I know that it's just as important to get enough sleep as it is to eat properly and work out when trying to loose weight. Compared to other college students I do go to bed early, but for me going to bed at 1 am and then getting up at 8 am is not enough so i end up napping during a free time that i could be working out, but i'm so tired i can't keep my eyes open. This has been slowly getting better as i've tried to change my homework routine, but some days it's just impossible to get to bed by 10 or 11.

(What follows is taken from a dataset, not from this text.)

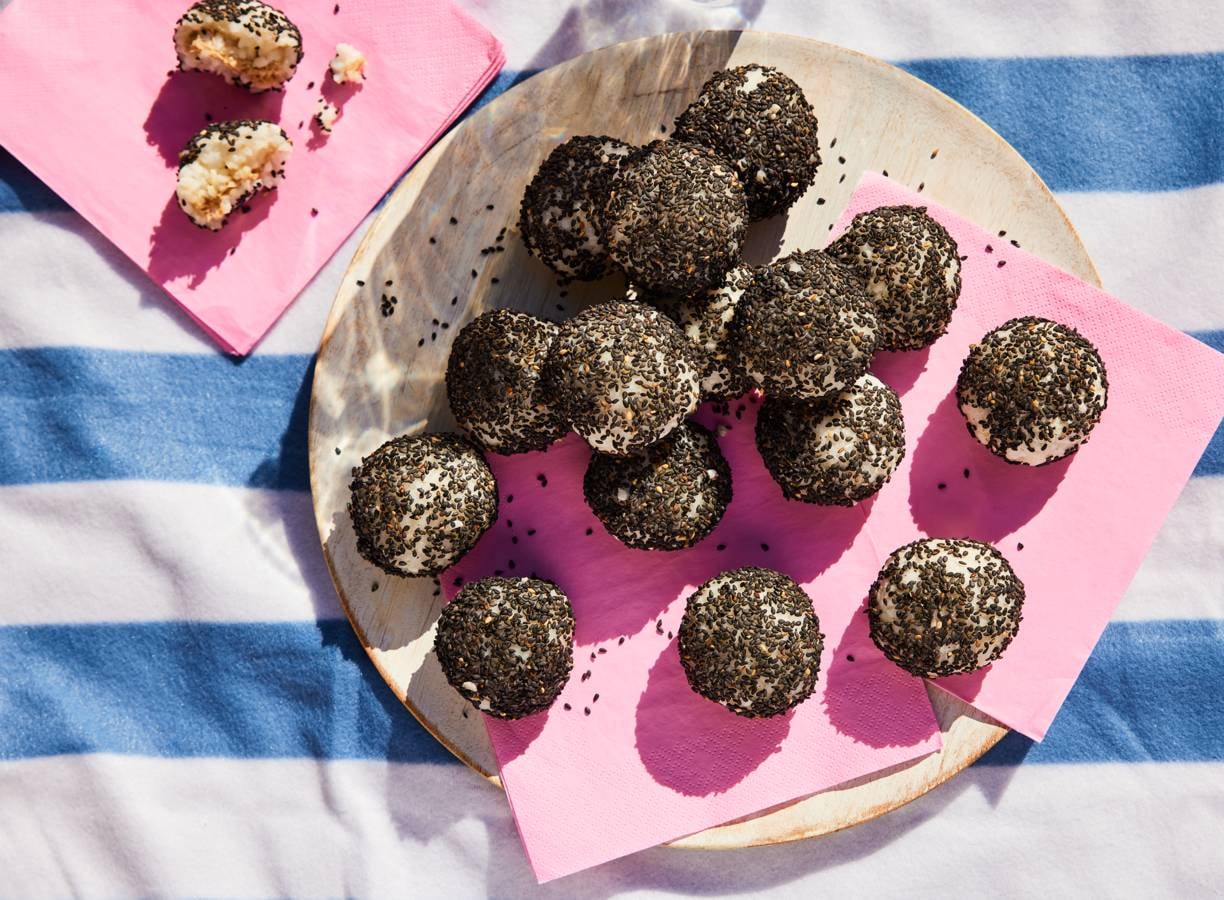 Gaan deze rijstballetjes mee naar de picknick? Rol ze dan stevig op in vershoudfolie en neem ze mee in een koelbox.

Fifth and Final: Motivation
I'm fine with being my own motivation, but every once in a while when i know that i have some free time and i'm not tired it's hard not to sit down and watch a movie rather then go for a jog. Or when i've had a particularly long day and my roommate in her kindness asks if i want ice-cream cause she's going to get some, it's hard to say no. I think I'm going to put up some posters that are positive and remind me what i'm doing this for. I've also thought about buying a dress in a smaller size so that i have something to work toward fitting into. I'm not sure how good an idea that is though (feel free to give any ideas you may have)

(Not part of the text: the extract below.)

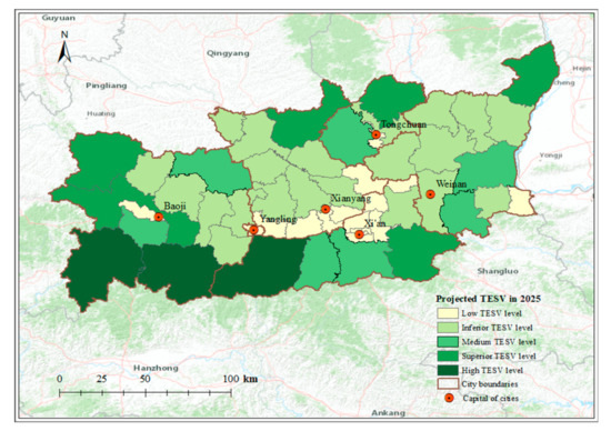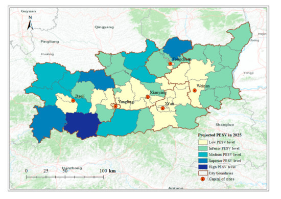 The results of the CA-Markov and logistic model were used to project the per capita ESV in 2025. Here, the results show that the PESV maintained the spatial heterogeneity characteristic of decreasing from west to east and from periphery to inner periphery (Figure 11). By 2025, the highest-level area remains around Baoji City, i.e., Taibai County. Moreover, the low-level counties were projected to grow from 14 in 2020 to 26 in 2025, 10 of which are from Xi’an City. As of 2025, Xi’an city is projected to have the fastest population growth, while Baoji adds only 7% of Xi’an’s population. This implies that urban population pressure has a significant impact on the yield of ES, which is also consistent with previous findings [21,64].

All in all it's going ok. I think I've finally identified most of what is going to be a big problem for me and am trying to find ways to work around them, or change my routine so that i can fit in something better. I started this at 250 pounds (YIKES!) I know it's a lot and i hate to admit it, but if i'm not honest then i won't get anywhere. I am now at 248, so while it's not much it is a small victory and i'm going to be happy about it. I plan to really kick it in to gear this next week and get an even higher number. My end goal is to hopefully be somewhere around 150-160 pounds. That's a bit higher then what would be completely appropriate for my age and height, but i want to have a goal that feel attainable to me. Thanks so much to everyone's kind words left here, on Facebook, with texts, phone messages, or in person. I'm sorry if i don't reply to everyone, but sometimes it just gets past me. Please don't stop though i really appreciate them and they are very helpful. Here's looking for next week and hopefully at least 5 lbs more! (I'll post a picture next time so you can track the progress with me.)
89 Days and counting 'till auditions and 98lbs to go!